他方、美濃部は、議会による討論を重視し立憲主義者として振舞うと同時に、政党内閣に対しては好意的な態度を示さず、むしろ議会に責任を負わない恒常国策決定機関による「立憲独裁」を志向していました。この点で、美濃部は、自由主義者ではあるものの、民主主義者ではないということができます。

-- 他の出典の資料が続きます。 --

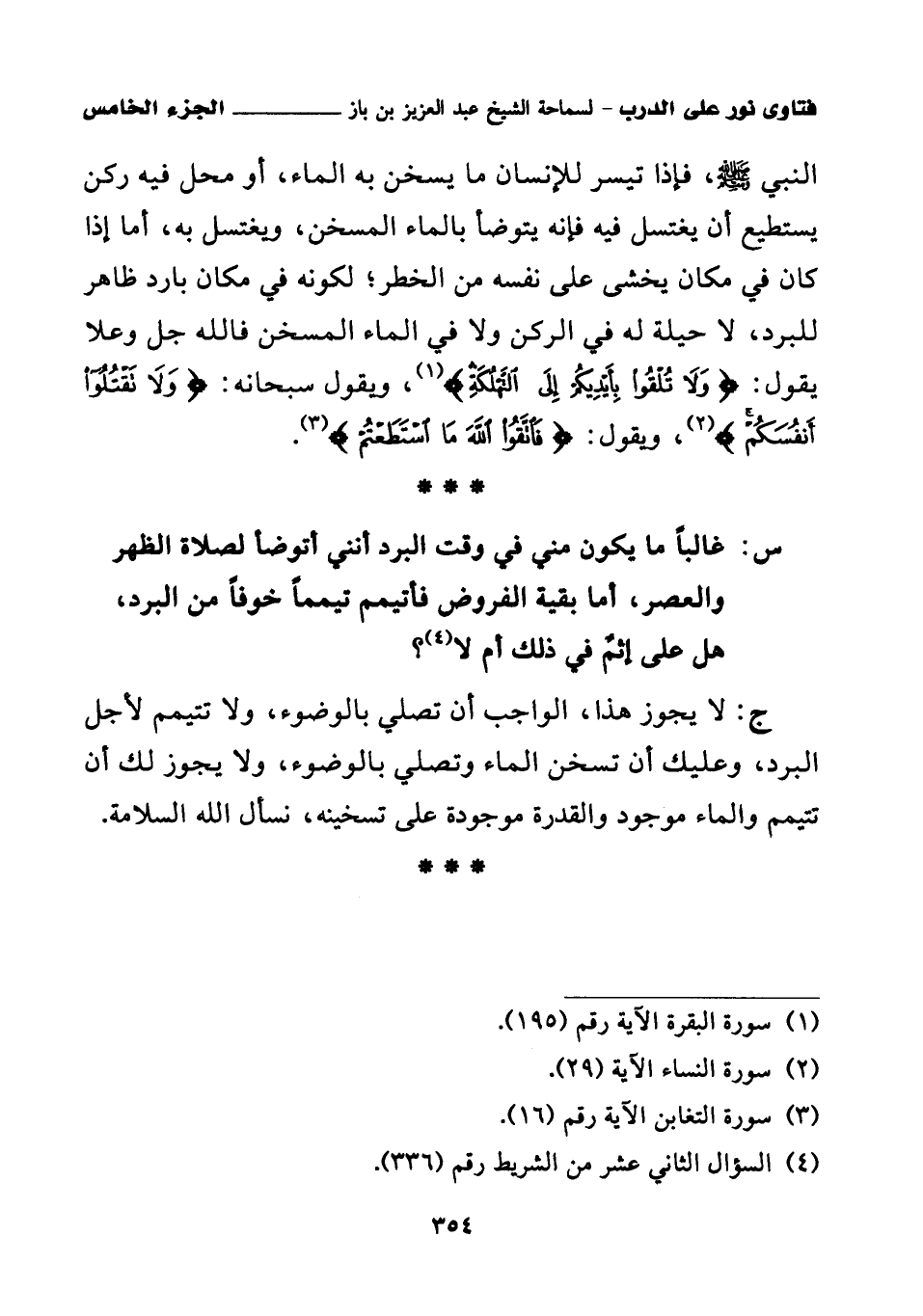 النبي صلى الله عليه وسلم، فإذا تيسر للإنسان ما يسخن به الماء، أو محل فيه ركن يستطيع أن يغتسل فيه فإنه يتوضأ بالماء المسخن، ويغتسل به، أما إذا كان في مكان يخشى على نفسه من الخطر؛ لكونه في مكان بارد ظاهر للبرد، لا حيلة له في الركن ولا في الماء المسخن فالله جل وعلا يقول: {وَلَا تُلْقُوا بِأَيْدِيكُمْ إِلَى التَّهْلُكَةِ} (¬1)، ويقول سبحانه: {وَلَا تَقْتُلُوا أَنْفُسَكُمْ} (¬2)، ويقول: {فَاتَّقُوا اللَّهَ مَا اسْتَطَعْتُمْ} (¬3).

美濃部 天皇機関説 強い個人 エリーティスト 平等なき自由 普選反対
上杉 天皇主権説 弱い個人 ポピュリスト 自由なき平等 普選賛成

感想

一連の石川論文に触発されて、明治憲法下の憲法学者への関心が高まり、他の論者の論考を読んでみました。本論文は、論文とはいうものの教科書の一節なので、とても読みやすかったです。法学者が「西洋」をどのように捉え、どのように受容したのかはとてもおもしろいテーマですね。あまりに真面目すぎると筧克彦*2のようになってしまうし、あまりに現実を見すぎてしまうと上杉のようになってしまうし。学説形成の「技術」という点で、美濃部は巧かったんと感じました。現代の比較法研究のスタンスにもつながりそうですね。